I didn't watch CBS' Kid Nation last year. I assume it was a failed social experiment. From the ads I saw, the kids were at each others' throats just as bad as adults are when it comes to the balance of power.

The kids take over the schools. From there, they establish their strongholds. I would assume that the high schools would not be trusted. They're too close to adulthood. The rest of the kids would fortify and plan and eventually bargain with the government.

In the beginning there would be an appointment made to the presidential cabinet. Soon after there would be a kid representative at the UN. Legislation would soon be passed that would allow for children to run for office and to vote. Then we'd have all of our tax dollars going to fund things like Hannah Montana concerts and bigger and better Chuck E. Cheese's.

Of course, all of this hinges on the ability of the kids to finally work together. Lets just hope that those cliques just stay cliquey.

Wednesday, November 19, 2008

Life Story: Chapter Ten

What can I say about the first grade? I'm one of those people who has the uncanny ability to remember each of the teachers that he's had throughout his life. So when I start listing my teachers in these consecutive blog posts, Mark's gonna make fun of me.

My teacher that year was Mrs. Atkinson. She was very sweet, and looking back now, I can see that she was also very manipulative. She knew just how to act and what to say to wrap her impressionable young students around her finger. I guess any good teacher should have that ability. I think it helps to prevent an uprising. Look at the average class size in your public schools. If those kids ever realized that they outnumbered their teachers 23 to 1, the coup would be inevitable.
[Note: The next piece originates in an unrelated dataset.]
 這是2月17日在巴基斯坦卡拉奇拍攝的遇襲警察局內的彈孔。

Could you imagine what it would be like if kids ran this country? That's an interesting thought. Maybe I'll explore that tomorrow.

Anyway, I was in a new school for the second year in a row. My days at East Salem were gone but not forgotten. Now I was matriculating with the class of 1998 by way of Raleigh Court Elementary. It was in Mrs. Atkinson's class that I met two very influential people in my life: Jessica Smith and Justin Walker.
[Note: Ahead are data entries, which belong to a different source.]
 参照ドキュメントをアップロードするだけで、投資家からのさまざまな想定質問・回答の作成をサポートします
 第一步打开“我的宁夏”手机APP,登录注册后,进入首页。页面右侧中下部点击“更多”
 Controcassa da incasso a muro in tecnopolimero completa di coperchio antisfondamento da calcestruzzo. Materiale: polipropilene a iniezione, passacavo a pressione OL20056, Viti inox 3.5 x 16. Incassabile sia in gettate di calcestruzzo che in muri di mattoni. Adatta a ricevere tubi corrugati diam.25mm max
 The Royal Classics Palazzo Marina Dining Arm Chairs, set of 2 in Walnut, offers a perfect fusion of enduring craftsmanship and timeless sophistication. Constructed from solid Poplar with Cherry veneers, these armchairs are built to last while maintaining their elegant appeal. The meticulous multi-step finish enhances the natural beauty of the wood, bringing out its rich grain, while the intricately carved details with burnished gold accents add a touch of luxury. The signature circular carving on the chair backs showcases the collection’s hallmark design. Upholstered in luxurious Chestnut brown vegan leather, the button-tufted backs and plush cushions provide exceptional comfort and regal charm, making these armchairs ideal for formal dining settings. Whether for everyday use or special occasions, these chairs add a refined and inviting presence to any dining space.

I've mentioned Jessica in the blog before. She's pretty much the only person I've maintained contact with since high school. And she's absolutely the only person I've maintained a real friendship with since the age of six. Justin is the person who was my best childhood friend. But I don't really remember doing a whole lot with him until around the third grade. So we'll put off these friendship stories 'til later.

I got in trouble a lot as a first grader. Apparently, Atkinson had it in for me. She would send home long letters about how I was acting up in class. She would make up some kind of propaganda like I was sticking my tongue out at her or turning my desk upside-down. I have no recollection of any of these events.

Turns out I was bored in class. In first grade, I was apparently a super-genius. Or at least mildly "gifted" in certain areas of study. I would breeze through a great deal of the classwork and then act out in order to cope with my boredom. Thus it was decided that I would have extra work. Advanced work. SECOND GRADE WORK!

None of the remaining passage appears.